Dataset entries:
-*-*-

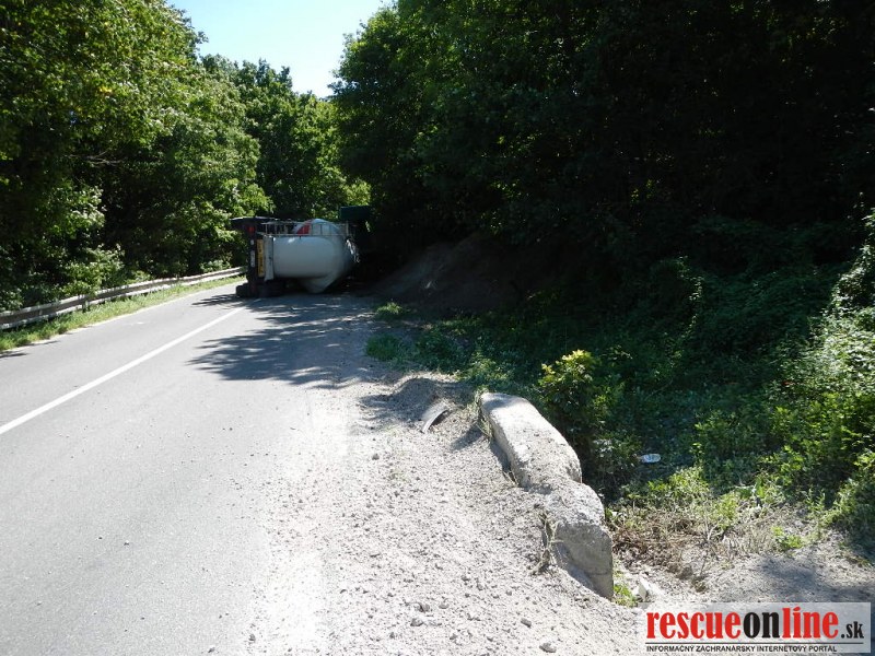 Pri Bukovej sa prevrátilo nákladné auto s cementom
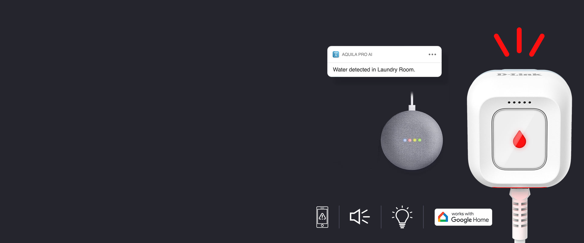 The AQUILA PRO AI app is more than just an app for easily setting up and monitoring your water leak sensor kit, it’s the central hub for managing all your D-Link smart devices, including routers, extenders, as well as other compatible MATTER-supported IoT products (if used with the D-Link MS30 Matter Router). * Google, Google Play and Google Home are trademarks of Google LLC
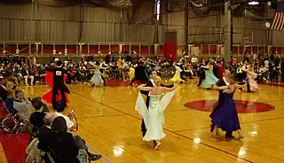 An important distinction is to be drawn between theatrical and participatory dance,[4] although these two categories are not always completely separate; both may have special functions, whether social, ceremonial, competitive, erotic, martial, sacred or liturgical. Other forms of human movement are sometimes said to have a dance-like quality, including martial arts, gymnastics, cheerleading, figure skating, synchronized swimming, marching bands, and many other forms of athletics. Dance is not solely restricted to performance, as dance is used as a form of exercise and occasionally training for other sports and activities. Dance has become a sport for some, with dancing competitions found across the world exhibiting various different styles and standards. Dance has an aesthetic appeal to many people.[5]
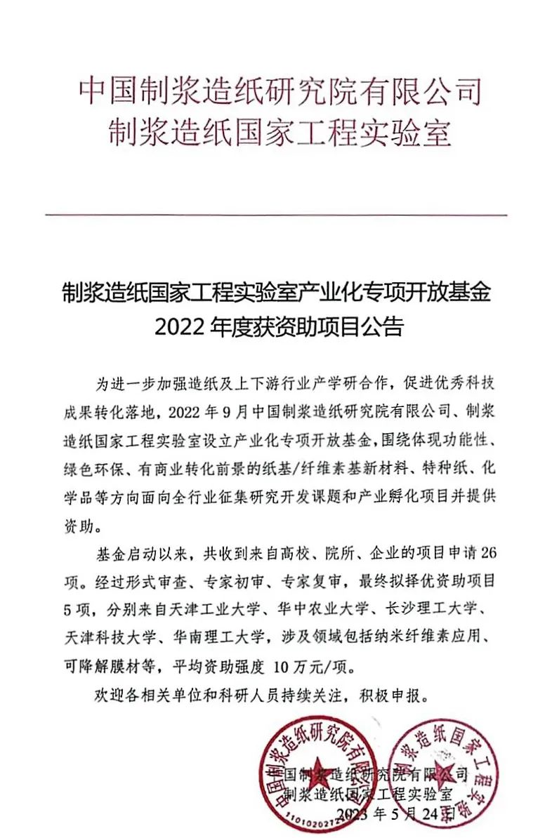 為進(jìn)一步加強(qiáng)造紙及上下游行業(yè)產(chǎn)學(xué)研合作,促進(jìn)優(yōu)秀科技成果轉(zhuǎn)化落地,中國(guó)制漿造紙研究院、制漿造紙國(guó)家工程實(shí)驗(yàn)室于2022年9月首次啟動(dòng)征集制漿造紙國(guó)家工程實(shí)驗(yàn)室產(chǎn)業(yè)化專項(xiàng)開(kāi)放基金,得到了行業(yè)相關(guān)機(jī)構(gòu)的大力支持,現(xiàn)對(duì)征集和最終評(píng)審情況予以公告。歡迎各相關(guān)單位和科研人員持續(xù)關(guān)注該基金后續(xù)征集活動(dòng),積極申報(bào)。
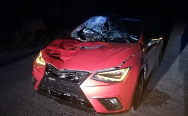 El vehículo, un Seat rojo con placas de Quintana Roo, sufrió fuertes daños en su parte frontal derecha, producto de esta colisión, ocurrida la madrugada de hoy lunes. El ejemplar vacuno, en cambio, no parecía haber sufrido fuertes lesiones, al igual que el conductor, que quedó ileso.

-*-*-

Retype the entries above exactly, starting at their first line and ending with the line that holds "The AQUILA PRO"; pictures stay out.

 Pri Bukovej sa prevrátilo nákladné auto s cementom
 The AQUILA PRO AI app is more than just an app for easily setting up and monitoring your water leak sensor kit, it’s the central hub for managing all your D-Link smart devices, including routers, extenders, as well as other compatible MATTER-supported IoT products (if used with the D-Link MS30 Matter Router). * Google, Google Play and Google Home are trademarks of Google LLC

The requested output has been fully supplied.